The path to a WebJar's contents must be in the form:
META-INF/resources/webjars/${name}/${version}
This path structure was chosen because it can be universally supported by Java Web Frameworks and by including the version number in the path, far-future-expires can be easily used for aggressive caching.
The version number must only be in the WebJar path, not in files.
The version number is the upstream version, not the WebJar version. Most of the time these are the same. But sometimes there are packaging bugs in a WebJar that cause a version bump in just the WebJar version.

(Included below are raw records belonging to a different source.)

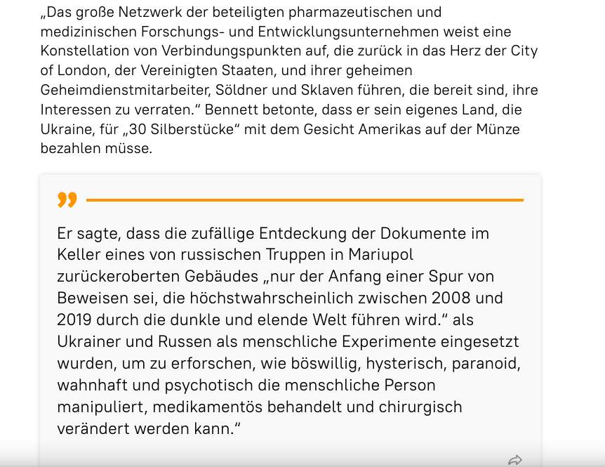 Eindrücklich bis beängstigend, noli.melavo. Wer weiß das schon, ich nicht. Den bescheuerten Teufeln, welche diese Labore betreiben, traue ich jede Teufelei zu!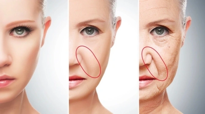- ترهل الجلد: ينخفض الكولاجين والإيلاستين، مما يؤدي إلى فقدان المتانة.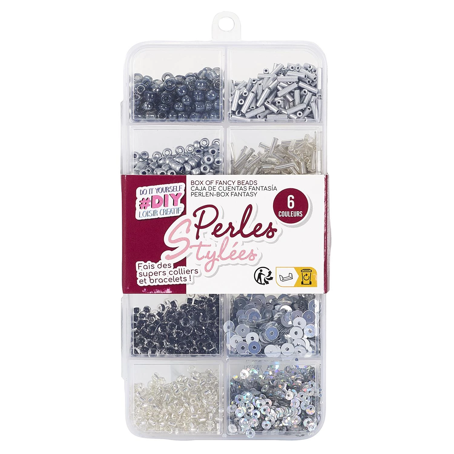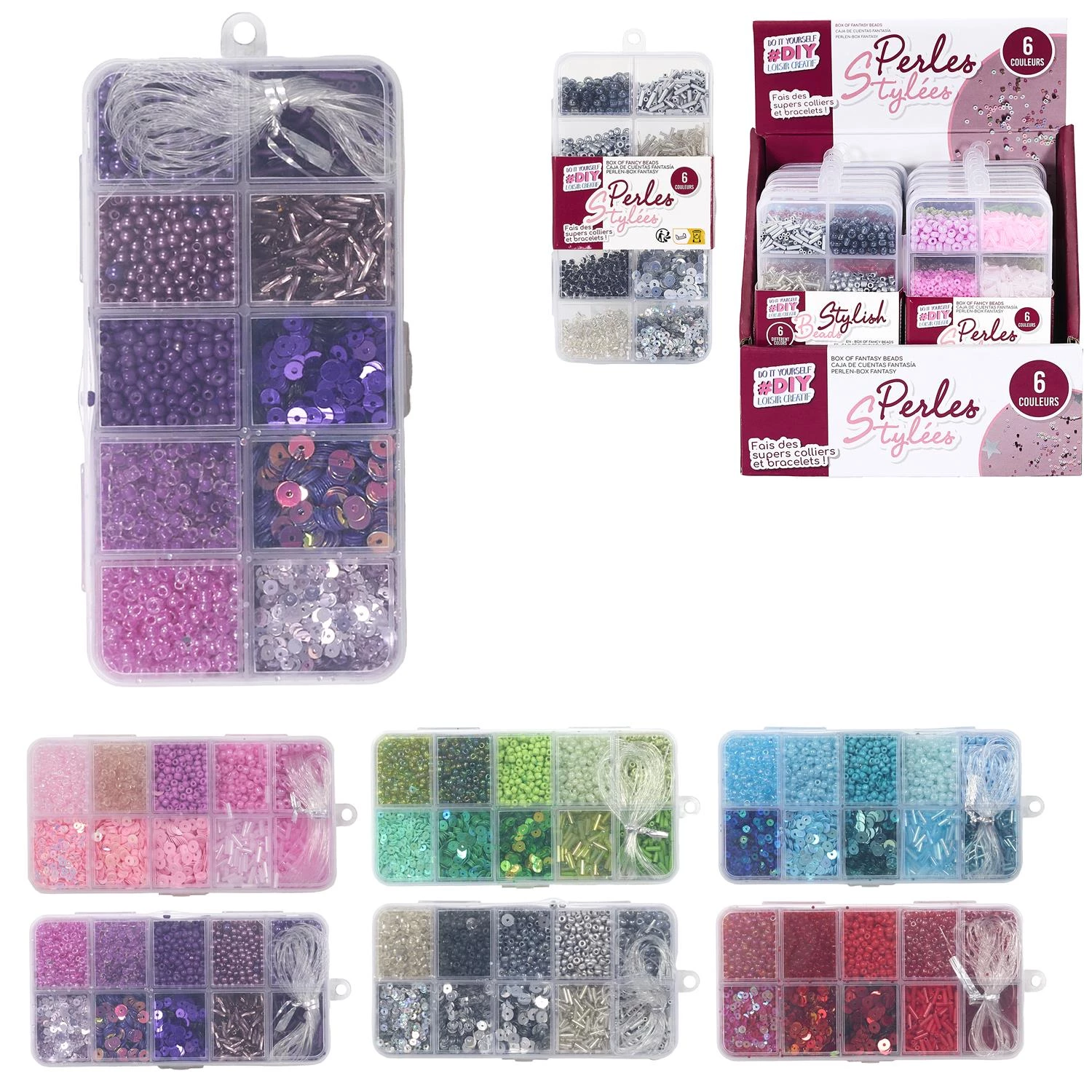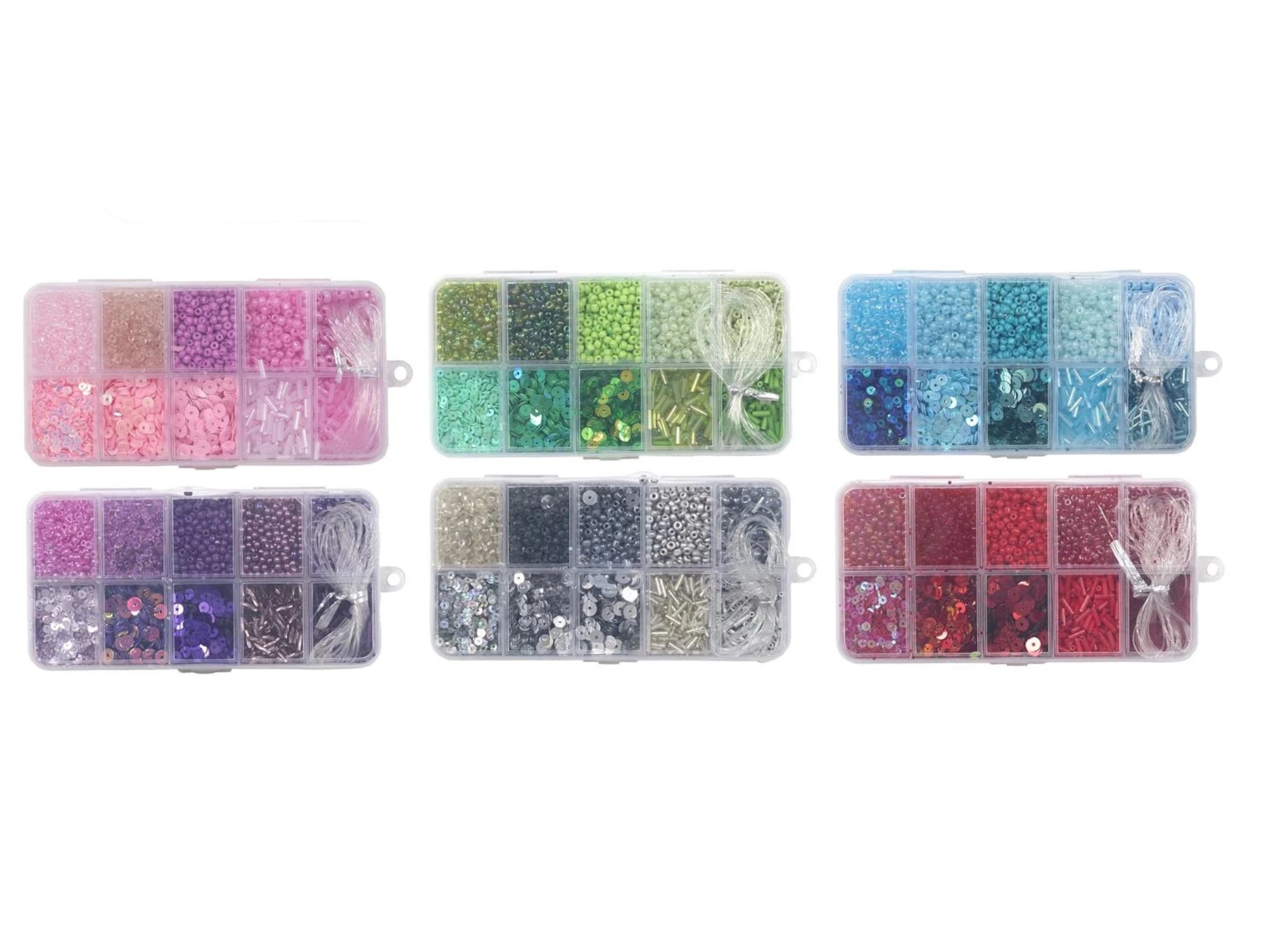 Obsah balení: 6 boxů s 10 přihrádkami – různé druhy korálků, flitrů, elastický provázek

The upstream source must be a versioned artifact. If the upstream source doesn't provide a released version then either use a commit date + git commit ID (eg. 20140708-394bf29) or fork the upstream project and apply semantic versioning.
The artifactId should always be lowercased. It can be built from (by order of preference):
The name used for bower / npm releases of the library
The upstream GitHub repository name of the library
The name of the library
If the upstream source is a fork of an official library then the artifactId should indicate that, like "jquery-foo" where "foo" is the fork owner.
Building WebJars
The purpose of a WebJar build is to download a specific version of a web library and package it into the WebJars form.
Simple web libraries may be downloaded as it's individual source files. But usually the web library is downloaded as zip file, then extracted and arranged into the right form.
A starter Maven build pom.xml file looks like:
Releasing WebJars
The webjars.org website pulls its list of WebJars from artifacts with a groupId of org.webjars on Maven Central.